* **TASK INSTRUCTIONS**:
For the data that follows, return each line unchanged and drop the pictures.

* **DATA EXCERPTS**:
↓
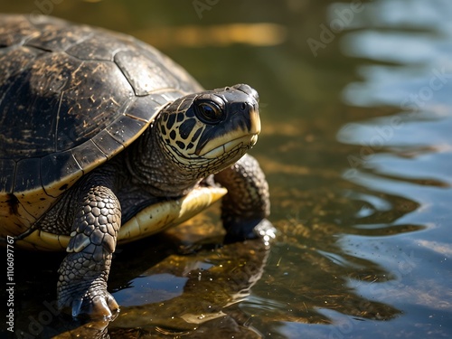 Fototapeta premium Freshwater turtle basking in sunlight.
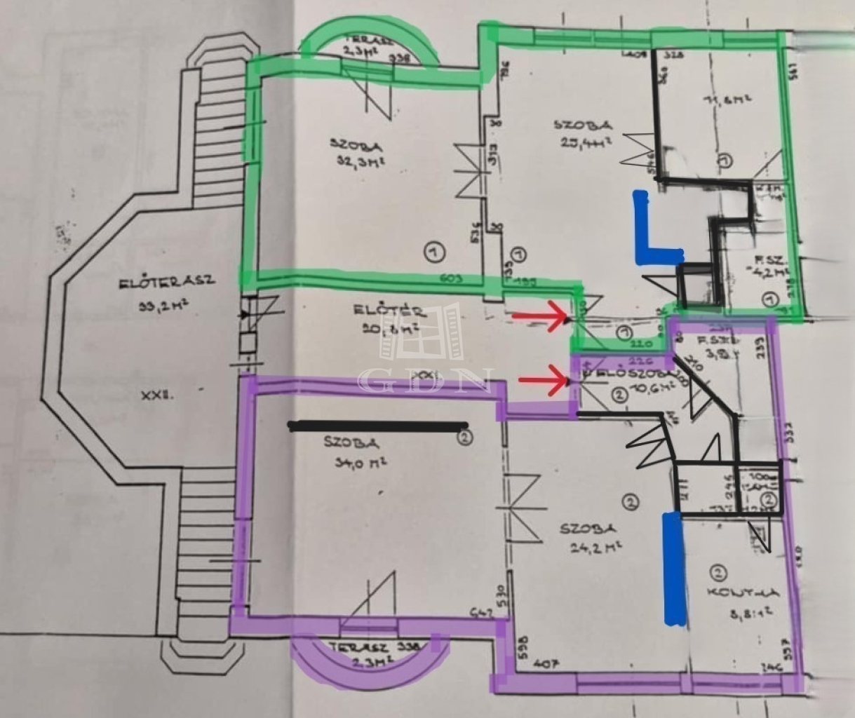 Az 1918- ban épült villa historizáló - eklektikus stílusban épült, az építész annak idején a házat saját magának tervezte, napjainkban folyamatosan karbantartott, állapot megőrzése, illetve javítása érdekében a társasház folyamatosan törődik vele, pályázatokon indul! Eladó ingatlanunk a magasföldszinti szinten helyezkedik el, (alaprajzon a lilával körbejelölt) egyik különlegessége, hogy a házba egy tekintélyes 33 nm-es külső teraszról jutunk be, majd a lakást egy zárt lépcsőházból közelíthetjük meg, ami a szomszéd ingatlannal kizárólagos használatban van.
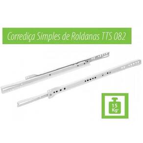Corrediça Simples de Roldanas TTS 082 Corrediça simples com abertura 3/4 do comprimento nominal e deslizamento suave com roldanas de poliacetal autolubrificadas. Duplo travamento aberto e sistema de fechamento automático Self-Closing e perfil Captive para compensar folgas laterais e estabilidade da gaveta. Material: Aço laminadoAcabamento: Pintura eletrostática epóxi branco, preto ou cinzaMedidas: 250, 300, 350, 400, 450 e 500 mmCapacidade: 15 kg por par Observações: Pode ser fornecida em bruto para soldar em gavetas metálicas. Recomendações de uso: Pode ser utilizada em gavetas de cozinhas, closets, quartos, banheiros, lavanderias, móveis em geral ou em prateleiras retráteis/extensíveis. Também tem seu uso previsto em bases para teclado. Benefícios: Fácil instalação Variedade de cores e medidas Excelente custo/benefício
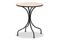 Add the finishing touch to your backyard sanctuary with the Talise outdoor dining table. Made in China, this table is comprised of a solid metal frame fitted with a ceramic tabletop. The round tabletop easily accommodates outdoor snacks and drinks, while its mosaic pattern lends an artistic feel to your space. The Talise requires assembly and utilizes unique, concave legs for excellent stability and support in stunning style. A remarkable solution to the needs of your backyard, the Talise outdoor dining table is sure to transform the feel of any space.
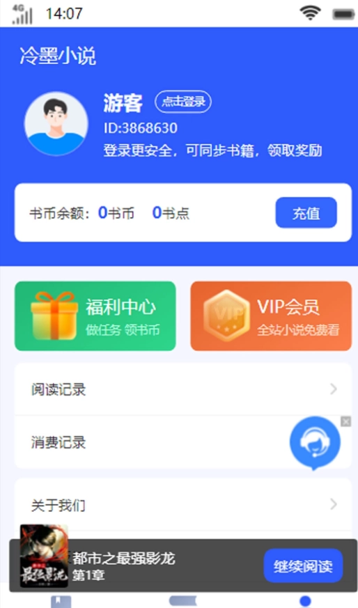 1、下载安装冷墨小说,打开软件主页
↑
* **RESPONSE BOX**:
 Fototapeta premium Freshwater turtle basking in sunlight.
 Az 1918- ban épült villa historizáló - eklektikus stílusban épült, az építész annak idején a házat saját magának tervezte, napjainkban folyamatosan karbantartott, állapot megőrzése, illetve javítása érdekében a társasház folyamatosan törődik vele, pályázatokon indul! Eladó ingatlanunk a magasföldszinti szinten helyezkedik el, (alaprajzon a lilával körbejelölt) egyik különlegessége, hogy a házba egy tekintélyes 33 nm-es külső teraszról jutunk be, majd a lakást egy zárt lépcsőházból közelíthetjük meg, ami a szomszéd ingatlannal kizárólagos használatban van.
Corrediça Simples de Roldanas TTS 082 Corrediça simples com abertura 3/4 do comprimento nominal e deslizamento suave com roldanas de poliacetal autolubrificadas. Duplo travamento aberto e sistema de fechamento automático Self-Closing e perfil Captive para compensar folgas laterais e estabilidade da gaveta. Material: Aço laminadoAcabamento: Pintura eletrostática epóxi branco, preto ou cinzaMedidas: 250, 300, 350, 400, 450 e 500 mmCapacidade: 15 kg por par Observações: Pode ser fornecida em bruto para soldar em gavetas metálicas. Recomendações de uso: Pode ser utilizada em gavetas de cozinhas, closets, quartos, banheiros, lavanderias, móveis em geral ou em prateleiras retráteis/extensíveis. Também tem seu uso previsto em bases para teclado. Benefícios: Fácil instalação Variedade de cores e medidas Excelente custo/benefício
 Add the finishing touch to your backyard sanctuary with the Talise outdoor dining table. Made in China, this table is comprised of a solid metal frame fitted with a ceramic tabletop. The round tabletop easily accommodates outdoor snacks and drinks, while its mosaic pattern lends an artistic feel to your space. The Talise requires assembly and utilizes unique, concave legs for excellent stability and support in stunning style. A remarkable solution to the needs of your backyard, the Talise outdoor dining table is sure to transform the feel of any space.
 1、下载安装冷墨小说,打开软件主页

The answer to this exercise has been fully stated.